Here is a timely quotation, from creative strategist Royale Scuderi:
The lack of an effective strategy is often our greatest obstacle. In our impatience for results, we try to change too much at once, and expect too much of ourselves, and this impatience usually leads to frustration and failure. This is why most people fail to keep their New Year’s resolutions.
The writer goes on to discuss how this misunderstanding applies in specific instances, including weight loss, and contributes several generally useful suggestions. Not surprisingly, the website is called Lifehack.org. But why bring this up?
Two paths
A change in mental attitude or emotional state can cause behavioral change. A behavioral change can cause a shift in emotional state or mental attitude. Just like bodies, minds are self-healing to a certain extent. When a person makes a major breakthrough that results in a long-term lifestyle change, it triggers other mental and emotional processes, and can even start a chain reaction that goes in a positive direction.

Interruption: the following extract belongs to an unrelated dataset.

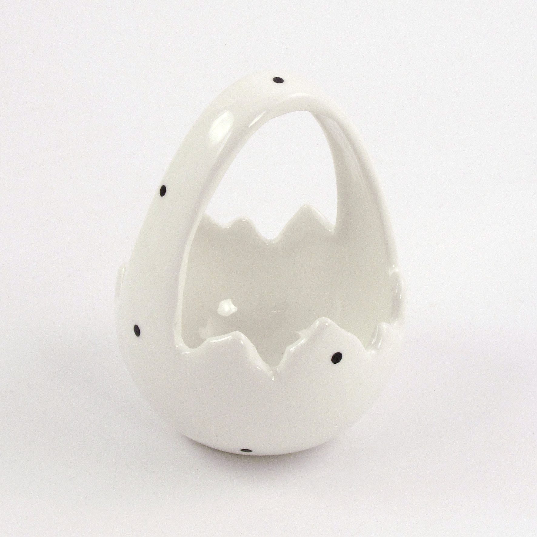 Dieses elegante Eierkörbchen aus hochwertigem Dolomit ist ein echter Hingucker für deine Osterdekoration. In modernem Schwarz-Weiß gehalten und mit liebevollen Details verziert, verbindet es klassische Ostertradition mit zeitlosem Chic.
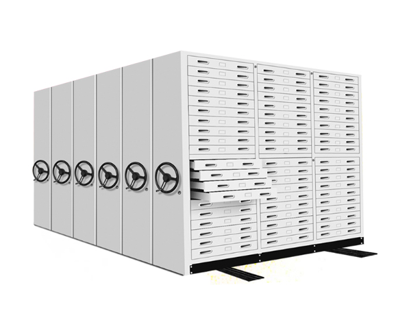 底圖架不同于檔案密集架,采用的是抽屜式結構,每列擁有百余個抽屜。特殊的結構也決定了它的作用只能用來存放設計圖、書畫、數據表等文件。因容量大、利用空間、使用方便。

Fortunately, many professionals are equipped to help enable behavioral change. Because people are all different, difficult, and needlessly contrary in many ways, there are very few universal recipes. If medicine has learned anything in the recent past, it is that a one-size-fits-all approach is rarely appropriate. If one technique works for one purpose, for one person, that is a major victory.
Improvement is a process, not an event. Everything does not need to be fixed at once. Given fertile ground, change can become self-perpetuating. That is how people maintain long-term, sustainable weight loss and all-round better health.
Teaching baby steps
Functional medicine is an emerging paradigm that sees the patient as a whole entity, rather than an assemblage of ankles, kidneys, fat cells, teeth, or whatever other part happens to be afflicted by symptoms. Chris Kresser — named one of the 100 most influential figures in the health and fitness field — reminds us that it does not take a psychiatrist or psychologist to effectively employ such techniques as motivational interviewing.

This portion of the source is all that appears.